Source Code Access Policy - Template (adapt to your organization)

1. Purpose

  • Protect confidentiality, integrity, and availability of source code and comply with ISO 27001 and Compliance Framework requirements.

2. Scope

  • All source code repositories, branches, forks, CI/CD pipelines, and associated secrets used in development and deployment.

3. Definitions

  • Repo Owner, Maintainer, Contributor, External Collaborator, Break-Glass Access, etc.

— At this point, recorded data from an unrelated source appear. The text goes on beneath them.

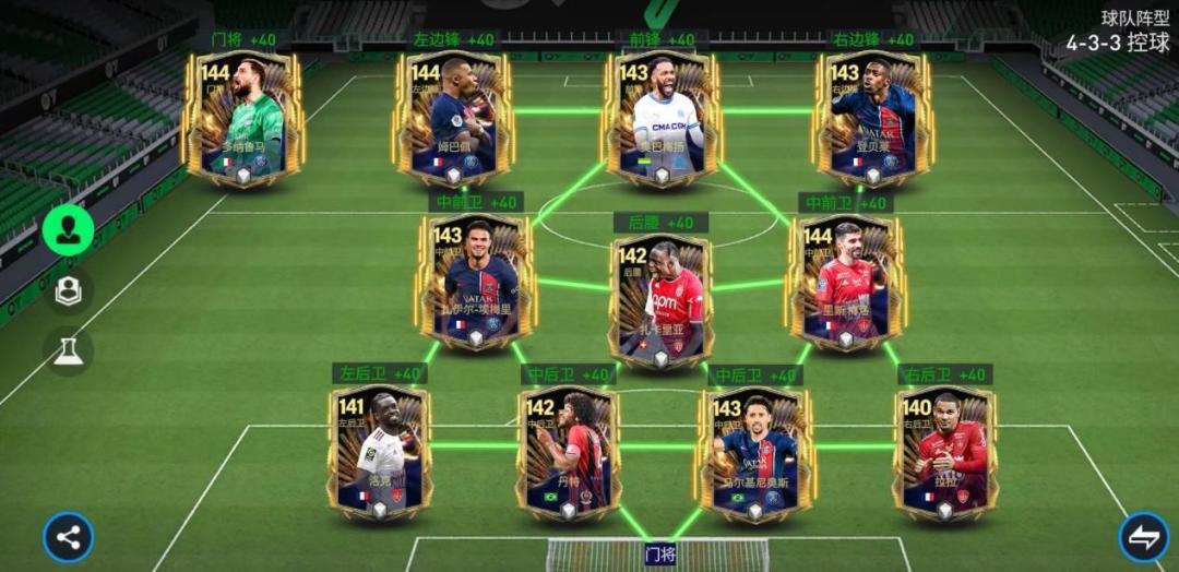 各位《FC足球世界》的玩家朋友们,赛季最佳活动正在火爆进行,截至目前,社区、英超、德甲、西甲、法甲、意甲六大最佳阵容已经全部揭晓,今天的FC大师兄系列,我们就一起来看一下,由赛季最佳法甲球员组成的队套实力如何吧! 阵容方面 首发阵容(4-3-3控球) 前场:姆巴佩、奥巴梅杨、登贝莱 中场:埃梅里、扎卡里亚、里斯·梅洛 后场:洛克、丹特、马尔基尼奥斯、拉拉 门将:多纳鲁马 实战打法-进攻 进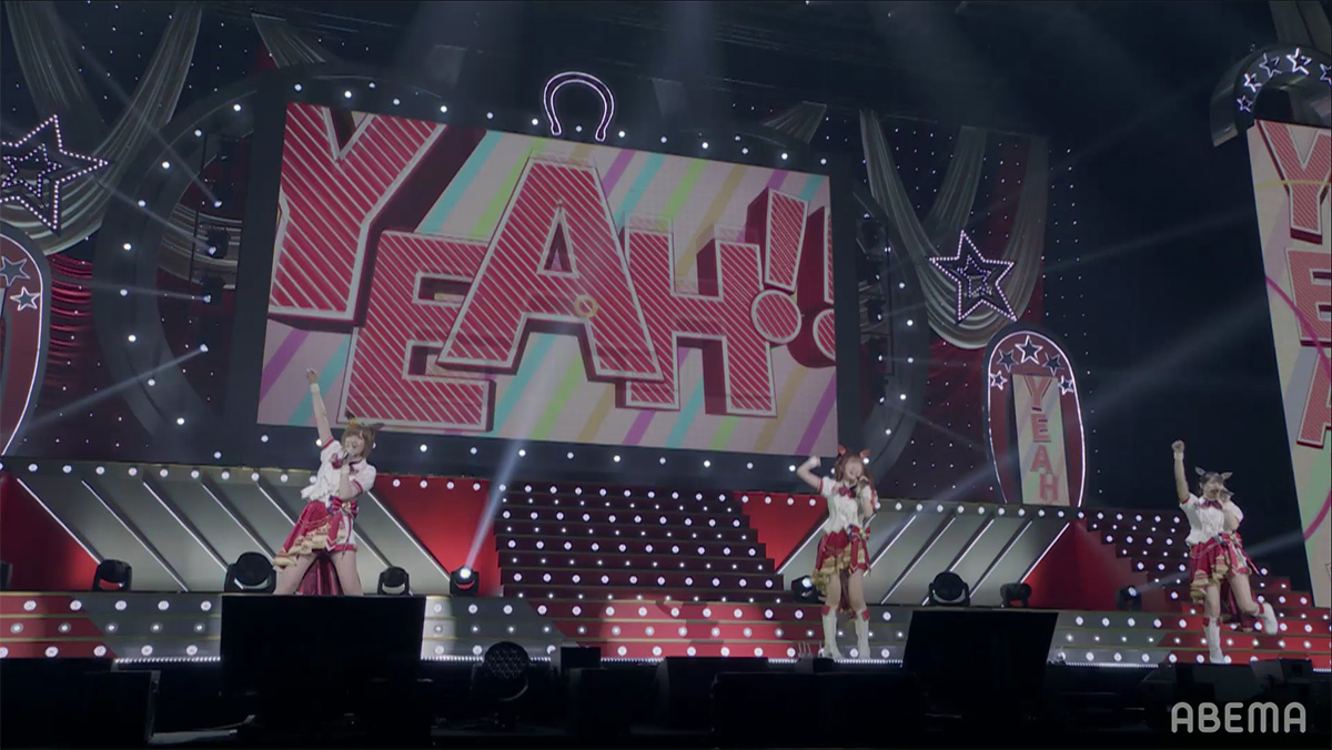カラフルなライティングを浴びながら、未来に向けて走るウマ娘達の感じる喜びを三人は可愛くポップに熱唱。普段は勇ましい曲が多いナリタブライアンも全力の応援をファンに煽りながらも可愛く唄い上げて見せた。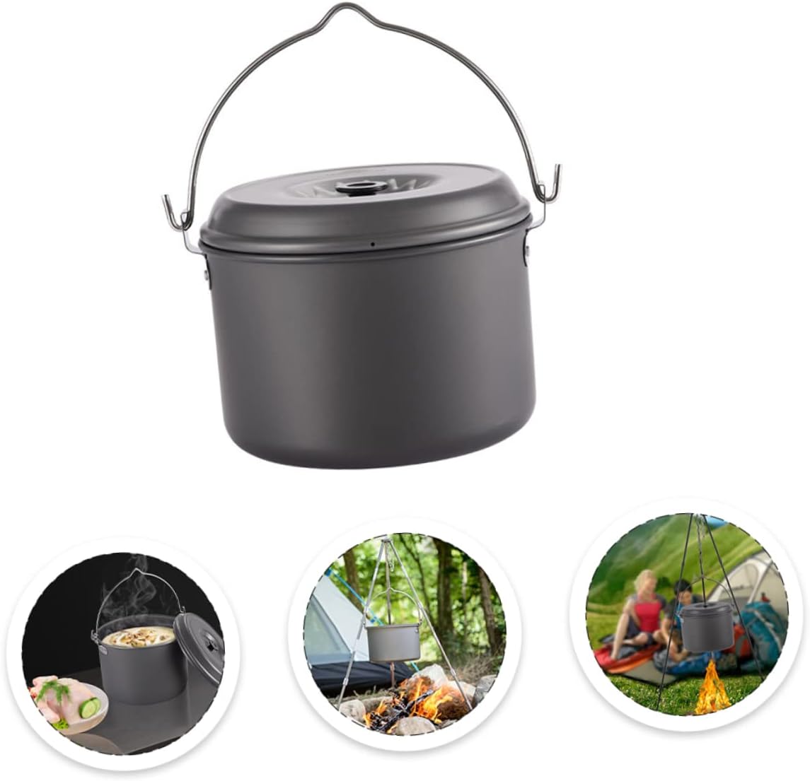Package List 1 x Pot Features - Material: camping cooking essentials. - Size: Approx. 21.00X21.00X13.50cm/8.25X8.25X5.31in camp cookware. - Color: Assorted Color camping kitchen essentials. - Capacity: 4L camp pots pans. - The groove design of the handle is more conducive to maintaining balance when cooking is hanging camp cooking kit. - With good thermal conductivity, food can be heated faster, and delicious food can be enjoyed in a short time camping equipment. - hard aluminum oxide material, strong and durable, and scratch backpacking utensils. - The pan ears are fixed with rivets, which are very firm and can be used for a long time backpacking cookware. - This camping pot is designed for 4-6 people, suitable for camping, hiking, backpacking, picnics, etc hiking camping cookware.Goods Descriptioncamping equipment With it, you can enjoy camping cooking time with your family.camping pans for cooking want to have a portable camping pot? Then, our camping pot with handle is your .small camping pot Using hard material, it has good thermal conductivity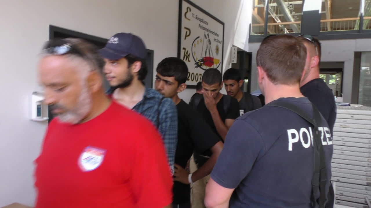 » Bearbeitungsstraße » Flüchtlinge registrieren » Ruptly auf Deutsch » Deggendorf Polizei » Erstregistrierungsstelle » Deggendorf Flüchtlinge » Flüchtlinge Bayern

4. Roles & Responsibilities

  • Repo Owner: approves access requests; performs quarterly access reviews.
  • Security Team: configures security scanning, reviews exceptions.
  • IT/Identity: manages SSO accounts and deprovisioning.

5. Access Requirements

  • Authentication: SSO (SAML/SCIM) with MFA required.
  • Authorization: RBAC, least privilege, temporary elevated access via documented approval.
  • Code Review: protected branches require at least one (or two for critical repos) approvers; enforce CODEOWNERS where applicable.

6. Technical Controls

  • Branch protection, required status checks, signed commits, secrets scanning, CI token rotation, ephemeral credentials.

7. Onboarding & Offboarding

  • Onboarding tied to HR ticket; Offboarding uses SCIM deprovisioning within 1 business day.

8. Exceptions & Emergency Access

  • Documented break-glass process; emergency access logged and reviewed within 3 business days.

9. Monitoring & Evidence

  • Maintain audit logs, PR histories, access review records, and policy version history for audit.

10. Review Cycle

  • Policy reviewed annually or after major incident.

Mapping to Compliance Framework: [table mapping policy sections to framework control IDs and ISO Annex A controls]

Adapt the template by filling in names, tool-specific procedures (e.g., GitHub Organizations vs GitLab Groups), retention periods required by your Compliance Framework, and the control mapping table referenced in the template.

Compliance tips and best practices: integrate the policy into your onboarding playbook so new hires automatically receive the right repo access; use automation (SCIM, IaC for repo provisioning, GitOps) to reduce human error; log all access changes and store logs in a centralized SIEM with at least the retention period required by your Compliance Framework; run periodic mock audits and tabletop exercises to validate break-glass and incident response workflows; and treat external contributors as a separate risk category with time-limited, minimal access and mandatory NDAs.

In summary, a robust ISO 27001-compliant source code access policy is a mix of clear written rules, mapped controls for your Compliance Framework, and enforceable technical settings. For small businesses, focus on centralized identity, least privilege, branch protection, secrets hygiene, automated onboarding/offboarding, and evidence collection — these steps reduce risk, make audits smoother, and materially improve your security posture.